Finance Minister Katy Gallagher noted the PBO report found the impact of Labor's election commitments was consistent with what the party had published during the campaign.
"After inheriting a budget position weighed down by a trillion dollars in Liberal debt, we have a big job ahead when it comes to fixing the budget and will be starting the budget repair task in the upcoming October budget," Senator Gallagher said.
"The Coalition went to the election without any plan to fix the long-term challenges facing the economy or the budget. In contrast to this approach Labor took carefully design policies that would start to address the serious challenges in our economy like addressing climate, making childcare cheaper and ensuring that we train for the jobs of the future by investing in skills.
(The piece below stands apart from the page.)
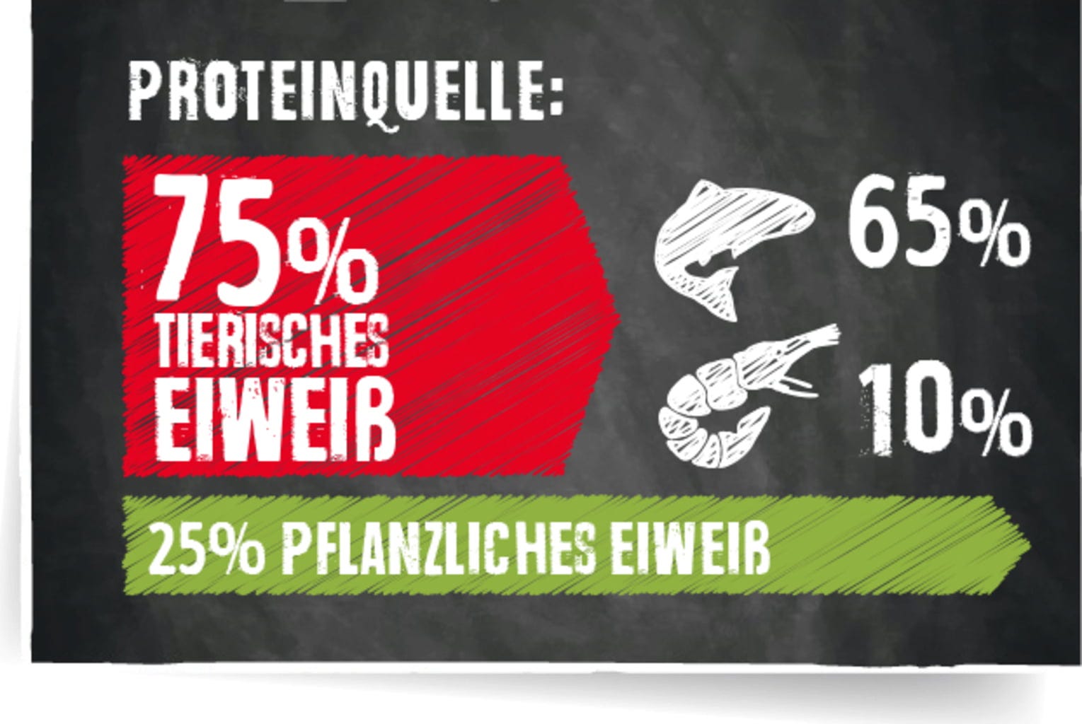 40 % saumon frais, 17 % farine de poisson de mer, 16 % amarante, fécule de pomme de terre, farine de pois, Zooplancton marin moulu, huile de saumon, tourteau de pépins de raisin, levure de bière inactivée et séchée, farine de caroube séchée, saumon hydrolysé, graines de chia, phosphate dicalcique, herbes séchées, chlorure de sodium, Kaliumchlorid, Yucca schidigera
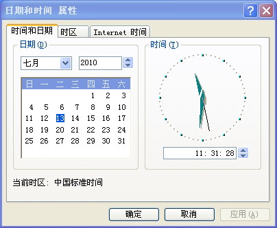 在 日期和时间属性 窗口中检查设定日期 (年,月,日) 为当前日期

"We were upfront about these investments before the election and we are getting on with the job of implementing them in government including getting rid of the waste and rorts riddled through the budget."
Labor's commitments would have a stronger impact than the Coalition's promises on the headline cash balance as well, the PBO found, increased by loans and equity policies such as the housing equity plan to address the country's affordable housing crisis.
Labor made 154 election commitments during the campaign that the parliamentary budget office determined would have a budget impact, far higher than the 41 commitments from the Coalition, as the then-government was able to announce policies in the March 29 budget prior to the election period.
The Coalition's promises would have reduced the budget deficit by around $1 billion over the same period, with only a slight decrease in spending and no material increase in tax receipts for the government.
The Greens' promises were projected to increase the budget deficit by more than $26 billion over the forward estimates.